EXERCISE DATA:
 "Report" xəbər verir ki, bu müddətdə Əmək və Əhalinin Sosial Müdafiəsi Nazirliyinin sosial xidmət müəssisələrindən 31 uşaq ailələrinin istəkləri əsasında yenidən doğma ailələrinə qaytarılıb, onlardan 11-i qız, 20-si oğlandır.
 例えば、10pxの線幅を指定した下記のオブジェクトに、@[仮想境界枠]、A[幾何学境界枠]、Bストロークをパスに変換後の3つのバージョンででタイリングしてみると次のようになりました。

...

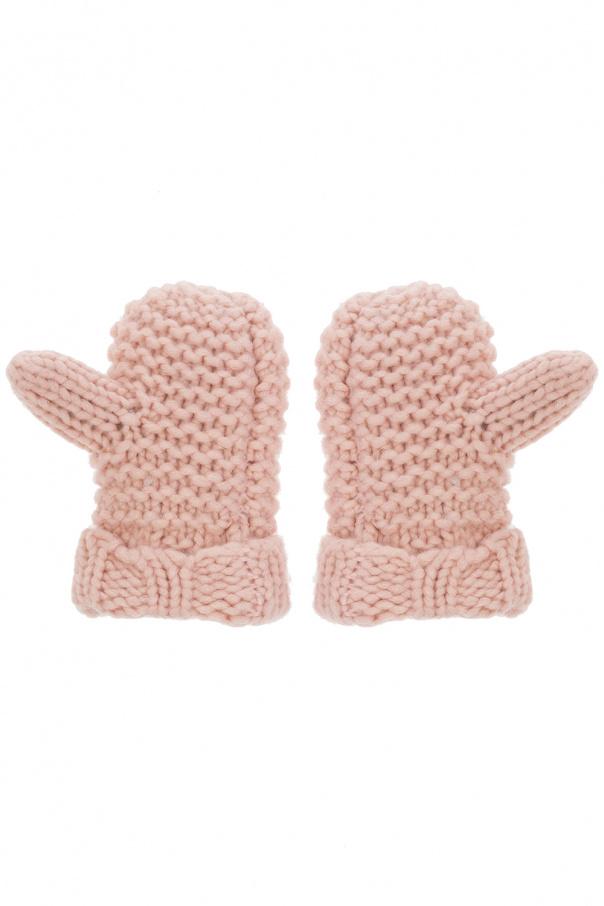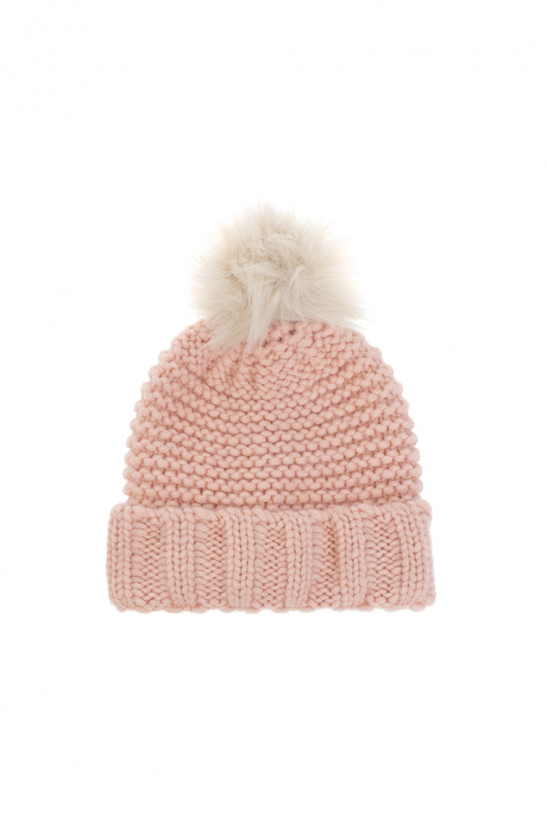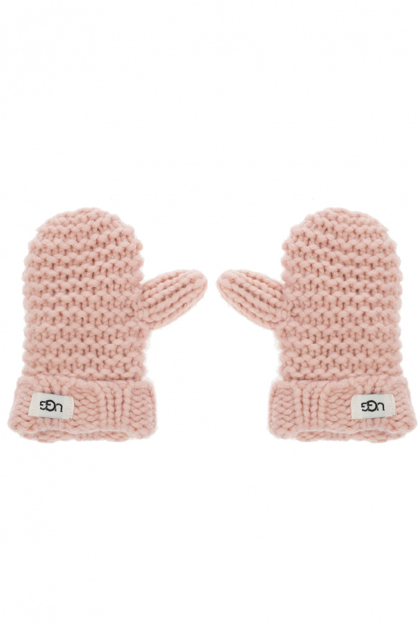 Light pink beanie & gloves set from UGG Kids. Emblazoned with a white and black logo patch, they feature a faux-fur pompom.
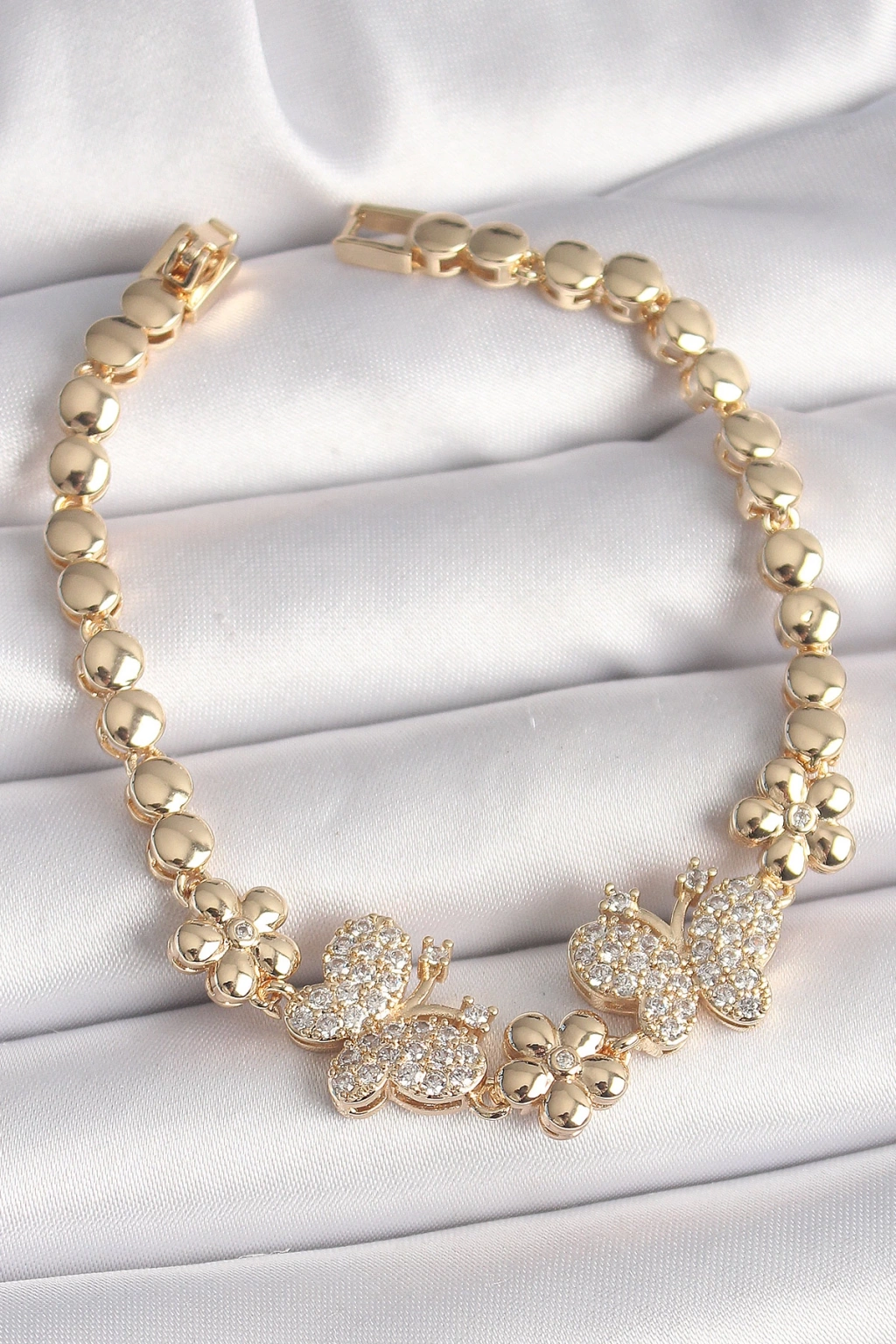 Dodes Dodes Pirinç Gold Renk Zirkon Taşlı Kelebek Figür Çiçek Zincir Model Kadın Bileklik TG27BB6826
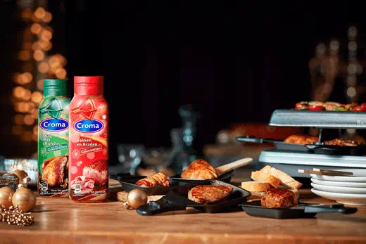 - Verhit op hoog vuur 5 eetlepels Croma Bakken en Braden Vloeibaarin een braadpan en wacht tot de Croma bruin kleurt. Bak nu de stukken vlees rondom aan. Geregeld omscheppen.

EXERCISE PROMPT: Take the line above containing "qız, 20-si oğlandır.", the line containing "例えば、10pxの線幅を指定", and all lines in between, and copy them exactly without anything else.

OUTPUT:
 "Report" xəbər verir ki, bu müddətdə Əmək və Əhalinin Sosial Müdafiəsi Nazirliyinin sosial xidmət müəssisələrindən 31 uşaq ailələrinin istəkləri əsasında yenidən doğma ailələrinə qaytarılıb, onlardan 11-i qız, 20-si oğlandır.
 例えば、10pxの線幅を指定した下記のオブジェクトに、@[仮想境界枠]、A[幾何学境界枠]、Bストロークをパスに変換後の3つのバージョンででタイリングしてみると次のようになりました。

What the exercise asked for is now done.